Sensitivity to inflation

Ken11

Recycles dryer sheets
Joined
Feb 26, 2010
Messages
124
In a recent thread a number of us stated the base assumtions we use for inlflation and nominal returns in our deterministic plan.

In the past, Ive played with my plans sensitivity to inflation while holding real returns constant ( at 2.5%). I found that any change from my base assumption of 3% inflation and 5.5% returns hurt my plan.
Lower inflation hit my returns more thatn it improved my future expenses.
More inflation hit my expenses more than it helped my $ returns.
The plan didnt fall off a cliff- but it did take a modest hit.
I thought it was strange that my base assumption happened to hit this "optimal inflation level".

Obviously many details are involved in the puts/takes and every plan could react differently.

Has anyone else looked at this? What have you found?
 
I used to do more projections with varying inflation rates to see the impact on my portfolio, but no longer do so because the CPI numbers do not relate at all to the inflation we feel. I'm not doubting the CPI, but our budget has such a different composition, with much heavier percentages of health care, food and personal expenses, that the CPI isn't useful.

It is clear to me however that even in an era of low inflation we need a substantial return in order to maintain our standard of living.
 
MichaelB said:
I used to do more projections with varying inflation rates to see the impact on my portfolio, but no longer do so because the CPI numbers do not relate at all to the inflation we feel. I'm not doubting the CPI, but our budget has such a different composition, with much heavier percentages of health care, food and personal expenses, that the CPI isn't useful.

It is clear to me however that even in an era of low inflation we need a substantial return in order to maintain our standard of living.

I agree the CPI may have little meaning on an individual basis.
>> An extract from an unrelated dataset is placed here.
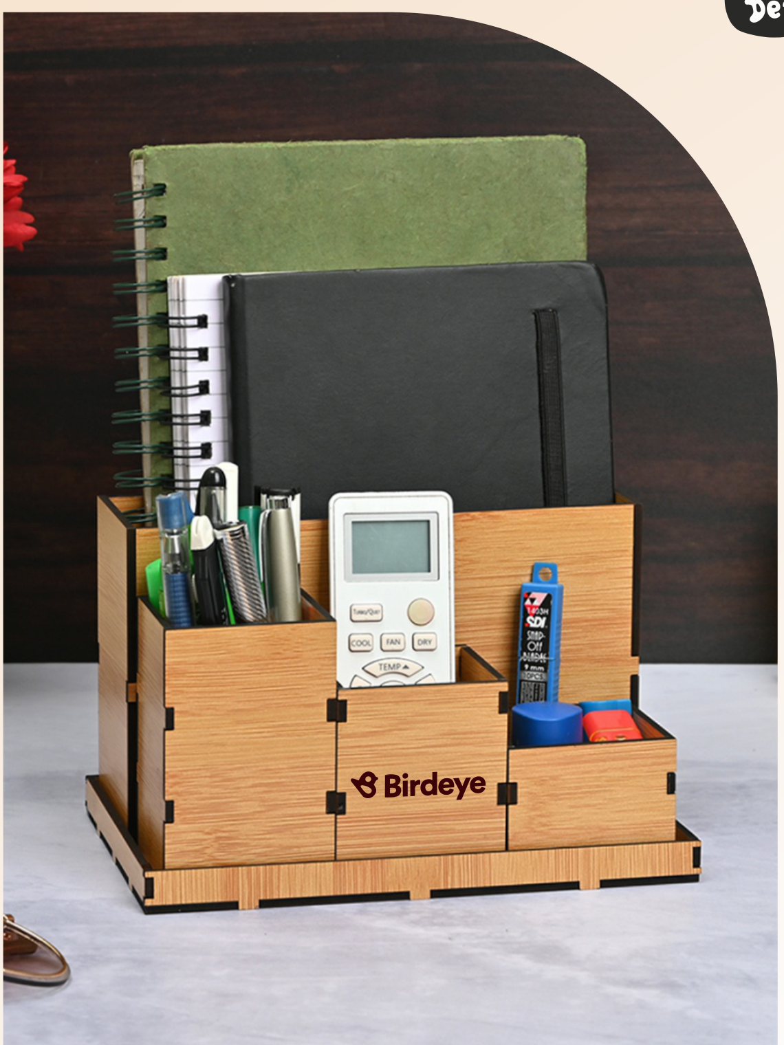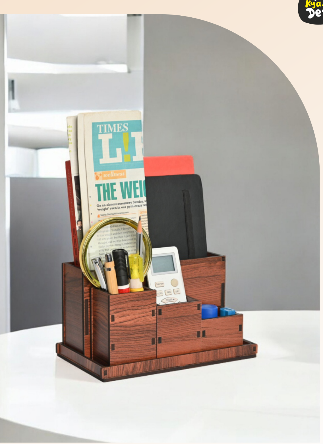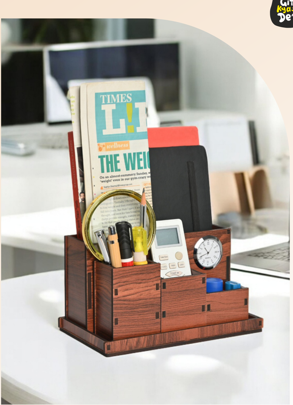 This wooden desk organizer features multiple compartments for pens, notebooks, and other office supplies. It includes a built-in clock and a magnifying glass, adding both functionality and a classic aesthetic to your workspace. Keep your desk tidy and stylish with this practical organizer.

I received a $100 after tax increase COLA this year, and no way did my monthly expenses increase anywhere near that over the past year. But in a different year I imagine the complete opposite could occur depending on specifically where the inflation is at.
 
I, too, find it hard to relate the CPI to my personal inflation rate. I expect it may average out to be the same eventually, though. Also I don't expect my portfolio to completely compensate for inflation during highly inflationary periods. But in recent years when there has been little inflation, it surpasses that inflation so hopefully in the long run it will outdo inflation by a decent amount.

I expect that in the long term my equity investments will help in combatting inflation. I am confident that this is a better inflation-fighting strategy than stashing my money under the mattress.